Le véhicule est un cheval, un prolongement, un doux ronflement, qui m’aurait tant plu pour vivre, entre deux logis de fortune, mais j’ai eu peur, ensuivant mes désirs, de m’exalter jusqu’à la folie ; ma folie est venue par un autre chemin, celui de la crainte immobile. Ainsi j’ai vécu. Ainsi n’ai-je effleuré que le midi des Pays-Bas, d’Axel à Maastricht. Mes paysages sont des rangs de jeunes gens et filles, plus au moins sagement attentifs, guettant le trait d’esprit et la grasse vanne insatiablement mêlés à notre enseignement. Un cours sur le climat , het klimaat van Nederland ? Une carte murale fera l’affaire, là, au sommet de l’armoire (attention – poussière) – où j’ai planqué mon porte-monnaie l’autre jour.

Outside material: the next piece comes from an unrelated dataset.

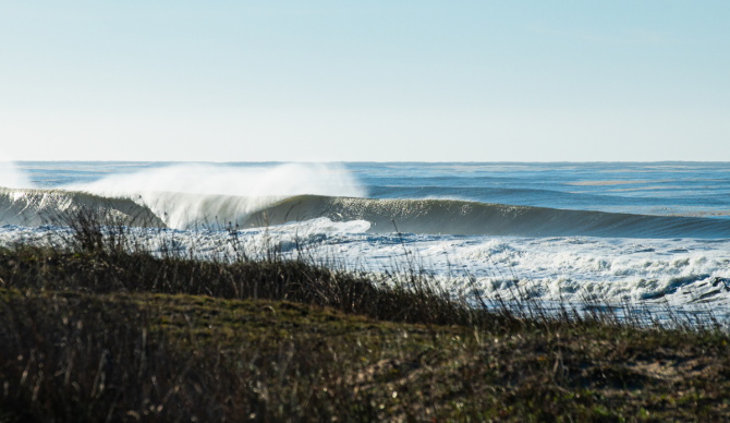 Earlier this month, a powerful swell pounded the coastline with a stiff offshore breeze that lit Seb’s home waves up like a Christmas tree. Waking up at 4 a.m., with the crew, Sebastián took a team of chargers to Rocha. They had a hint that one spot might be working and when they arrived, the wind was blowing offshore and a rocky, barreling slab was waiting for them.

Bien ce que je pensais : un potache m’a repéré, je ne retrouve dans ma main qu’une poignée de pièces pousiéreuses, que je fourre, vu de dos, dans ma poche. D’autres cartes se gondolent entre ane armoire et le mur de droite : agriculture, densité de peuplement, “point culminant le Vaalserberg 322m à la frontière belge”, Plus loin, une caisse-cagnotte vide. Des étudiants me sautent dessus, pensant que je viens de la vider. Je tiens encore toute la monnaie dans mon poing. Le ton monte. Annie me défend. Un étudiant veut m'arracher mon fric. Je lui boufferais bien le crâne mais cela me répugne d'imaginer ses os, sa cervelle et son sang sous mes dents. Je parviens non sans mal à me retirer. Cette séquence se déroulait au fond d'une grande salle de permanence bourrée d'étudiants, des garçons.